I was with Howard Peterson, head of US Skiing, shortly after he announced his pending retirement. What was your worst failure, Howard? No question about it, he said, it was our handling of Bill Johnson after Sarajevo. We had some great skiers but Bill was the one who transcended our sport, the one guy that people who knew nothing about skiing wanted to touch. He was our Ali. And we screwed it up. Bill was a gunslinger and we wanted him to join our system but it wasn’t right for Bill and our system isn’t what made him great. I’d really like a do-over on that one.

Bill told me the story this way: I owed the Ski Team almost nothing. I came into that season in the best physical shape of my life, and I did that on my own running in the California mountains and carrying logs while I was doing it. I paid my own way to Europe and onto the Europa Cup circuit. I was broke and eating whatever food my roommate and I could scrounge, filling our pockets with race table leftovers. And I was killing it and so got called up to the World Cup and then the Olympics. Then I won and the Ski Team wanted to step in front of me and Atomic, me and Raichle, me and all the money that was going to come my way. That really, really pissed me off.
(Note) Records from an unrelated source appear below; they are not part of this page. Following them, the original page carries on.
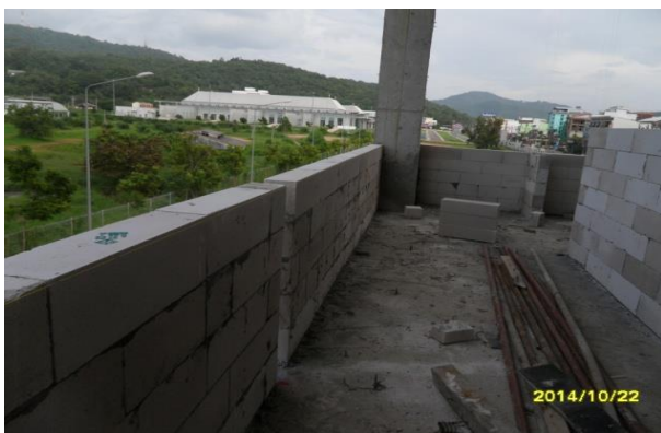
รูปที่ 9. งานก่ออิฐผนังชั้นที่ 2
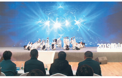
顺南街小学孩子表演《人机共舞》
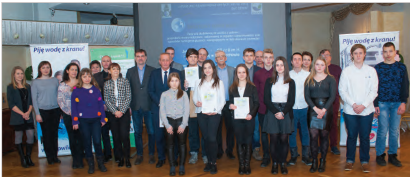
Wszyscy uczestnicy konkursu wraz z nauczycielami i organizatorami
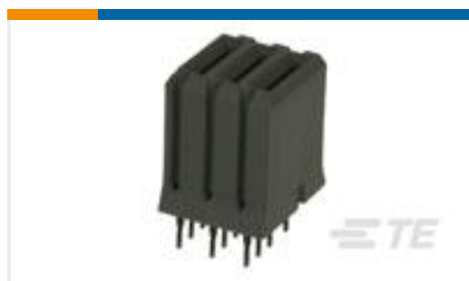
TE 产品编号5-5223955-2 TE UPM Ver Rec 3P HC Power Connector
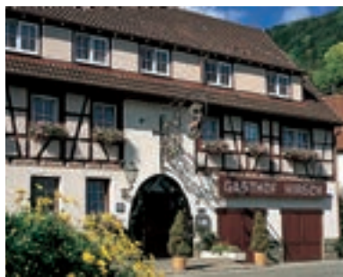
Gasthof Hirsch, Bad Ditzenbach-Gosbach
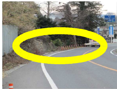
A 歩道が確保されておらず、歩行が危険である。
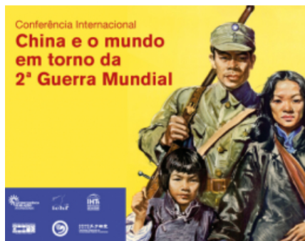
Conferência Internacional "China e o
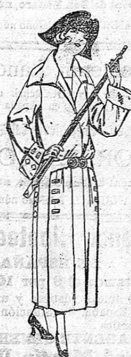
Abrigos de g-berdina inglesa, impermeabilizada, en negro, azul y color. De ptas. 85 a 200
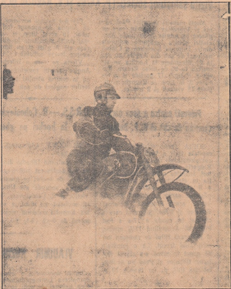
Aspect din desfășurarea tradiționalului motocros dotat cu cupa „Voroșilov”

În acest timp, schiorii, patinatoarii, hocheiștii, participă la numeroase competiții organizate în toate orașele și satele ținutului. Echipa locală a Casei Olișterilor joacă în clasa „A” a campionatului unional de hochei cu mingea.
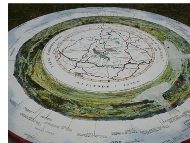
La table d'orientation
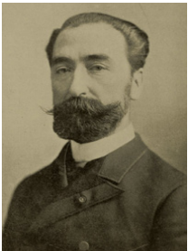
Sadi Carnot, 1837-1894.

Pour feuilleter un extrait du livre, cliquer ici .

Yeah, it’s true I hit that coach but he was in my face.

US Skiing was used to working with house pets and found itself with a wild animal.
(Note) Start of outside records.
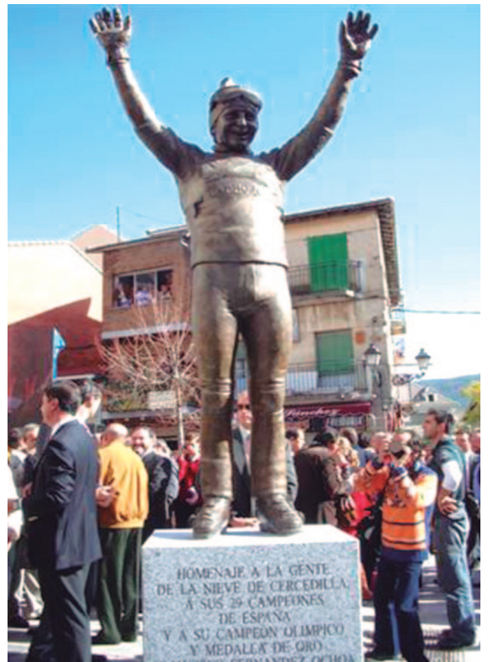
Estatua de Paquito Fernández Ochoa en Cercedilla (Madrid).

La veo fotografiada con un balón entre las
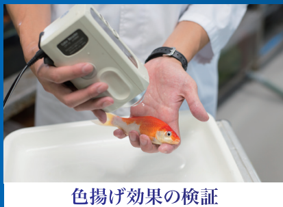
色揚げ効果の検証
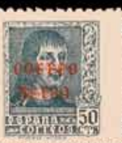
415 - 65 €
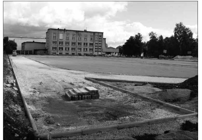
Pärast renoveerimist saab gümnaasiumi staadion täielikult uue ilme.

Kooli staadioni osas on tegemist täiesti uue ehitusega, mis on projekteeritud ja ehitatud kaasaja nõudeid ja vajadusi silmas pidades. Staadion paikneb vana staadioni kohal ning hõlmab endas jalgpallväljakut, mida
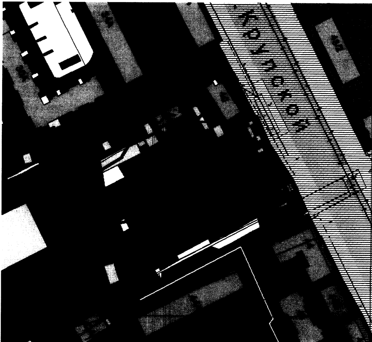
Схема расположения земельного участка с кадастровым номером 67:27:0030734:572 по адресу (иное описание местоположения): Российская Федерация, Смоленская область, город Смоленск, улица Крупской, дом 42
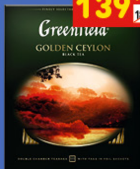
ЧАЙ GREENFIELD Golden Ceylon, лист., 200 г
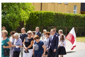
Ceremonia pogrzebowa Powstańców Śląskich
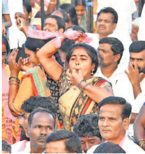
ఆనందంలో విజిల్ చేస్తున్న మహిళ

మెడక్ జిల్లా నర్సాపూర్లో జరిగిన ప్రజా ఆశీర్వాద సభా వేదికలో ప్రసంగిస్తున్న సీఎం కేసీఆర్, వేదికపై బీఆర్ఎస్ నాయకులు, ప్రజాప్రతినిధులు
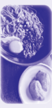
月見そばとおいなりさん
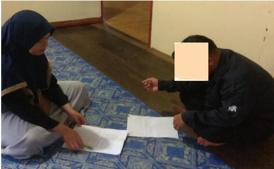
Wawancara dengan MT di kediamannya 02 Februari 2023

Bill told me the story of Franz Klammer calling him a nose-picker at Sarajevo: So I’m just up on the team and the World Cup ski press is asking me why I’m even suiting up for the race, what the hell am I even doing here? And I don’t know quite what to say because I wasn’t used to the attention, so I say I’m here to win, which I assume is the same reason everyone is here, but I don’t say it in a bragging way, just matter of fact. And then the ski press runs off to Klammer and the Austrians, who owned the speed events, and say Bill Johnson is saying he’s going to win the race. That’s when Klammer called me a little nose-picker and that was a great line that gets reported everywhere all over the world. And then I said to myself f**k it, I’m going to win the downhill.
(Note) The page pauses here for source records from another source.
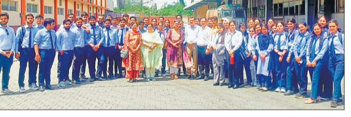
विद्यार्थियों ने उत्पादन इकाई का अवलोकन किया।
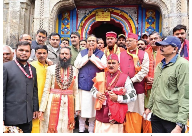
ମୁକେଶ୍ ଆମ୍ବାନୀଙ୍କ ବସ୍ତ୍ରଧାରଣ ଏବଂ କୋଚିରନାଥ ମନ୍ଦିର ପରିବର୍ତ୍ତନ

ନୂଆଦିଲ୍ଲୀ, ୧୫।୬ (ଏକେଡି): ଭାରତର ସର୍ବବୃହତ୍ କର୍ପୋରେଟ୍ ଗ୍ରୁପ୍ ରିଲାଏନ୍ସ ପାଇଁ ଆସିଛି ବଡ଼ ଉପଲବ୍ଧି । କମ୍ପାନୀର ଡିଜିଟାଲ୍ ଶାଖା ଜିଓ ପୁରୀପର୍ଯ୍ୟନ୍ତ ବିଶ୍ୱବୈଦିକ ସମ୍ପର୍କିତ ୨୦ କମ୍ପାନୀ ମଧ୍ୟରେ ସ୍ଥାନ ପାଇଛି । ଏହି ଖବର ଆସିବା ପରେ ଜିଓର ଶେୟାର ମୂଲ୍ୟ ପ୍ରାୟ ୨ ପ୍ରତିଶତ ବୃଦ୍ଧି ପାଇଛି । ଗତ କିଛି ବର୍ଷ ଧରି ଜିଓ ୫ଜି, କୃତ୍ରିମ ବୁଦ୍ଧିମତା ('ଏଆଇ'), ଭାଇଡ୍ କମ୍ପ୍ୟୁଟିଂ, ଡିଜିଟାଲ୍ ସେବା ଏବଂ ଟେଲିକମ୍ ପ୍ରଯୁକ୍ତି କ୍ଷେତ୍ରରେ ବ୍ୟାପକ ନିବେଶ କରିଆସୁଛି । ଏହି ଉଦ୍ଦେଶ୍ୟ ଓ ନବତ୍ୱକ ପ୍ରୟାସର ପରିଣାମ ସ୍ୱରୂପ କମ୍ପାନୀ ବିଶ୍ୱସ୍ତରୀୟ ପେଟେଣ୍ଟ ତାଲିକାରେ ଉଚ୍ଚ ସ୍ଥାନ ହାସଲ କରିପାରିଛି । ବଜାର ବିଶେଷଜ୍ଞମାନଙ୍କ ମତରେ ଏହି ସଫଳତା କମ୍ପାନୀର ଦୀର୍ଘମିଆଦୀ ଅଭିବୃଦ୍ଧି ସମାବେଶକୁ ଆହୁରି ମଜବୁତ କରିଛି ।
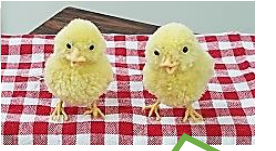
ひよこに見えるびよ!!
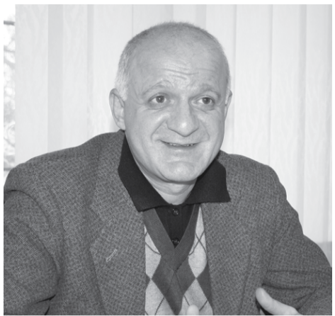
ბიუჯეტში ტრადიციულად პრიორიტეტულია, ასევე, სტუდენტური ღონისძიებების

დამტკიცდება, უკვე თამამად შეგვეძლება ვისაუბროთ მის პრიორიტეტებსა და ხარჯვით ნაწილზე. ამ ეტაპზე მხოლოდ იმის თქმა შეგვიძლია, რომ ჩვენი მწირი რესურსების პირობებში შესაძლებლობა მოგვეცა 10-20 პროცენტის ფარგლებში გაგვეზარდა აკადემიური და ადმინისტრაციული პერსონალის ხელფასები.
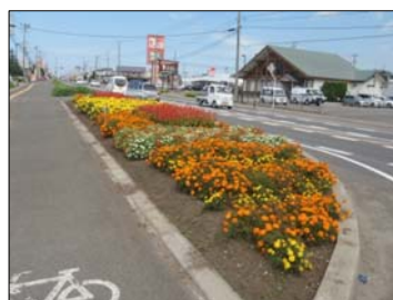
国道 7 号の花壇
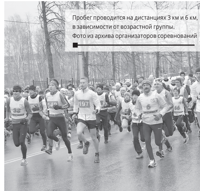
Пробег проводится на дистанциях 3 км и 6 км, в зависимости от возрастной группы.
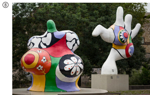
Niki de Saint Phalle: Nanas, aufgestellt 1974
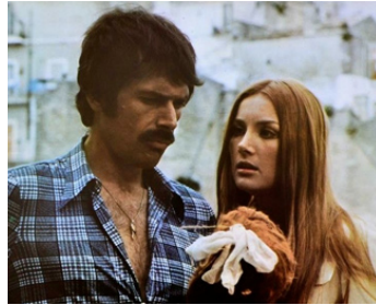
1972 LA LONGUE NUIT DE L'EXORCISME de Lucio Fulci avec Barbara Bouchet

When we would host media here we would all not so much ski with Bill as watch Bill ski. Bill could take all of Hawk’s Nest in five or six turns and anyone who ever saw that display would quickly understand that there is a qualitative difference between the best recreational skiers and a guy who won World Cup Downhills. We would make ten or 15 turns to his one.

After we moved to Aspen Bill’s relationship with the ski area dissolved. He would visit us in the Roaring Fork valley with his model-beautiful wife Gina and their two boys. He was operating out of a motor home, skiing the west.

Then he lost a son to a hot tub and, after, his marriage ended. In 2001 at age 40, attempting a comeback at the US Nationals, a training run crash ended his career and almost ended his life. He couldn’t walk, and lost most his memory.

He would send me email birthday cards most years and allow that he didn’t know how we knew each other. I would explain. I would also tell him he was the best Big Boggle player the family ever met. He wasn’t playing Boggle anymore.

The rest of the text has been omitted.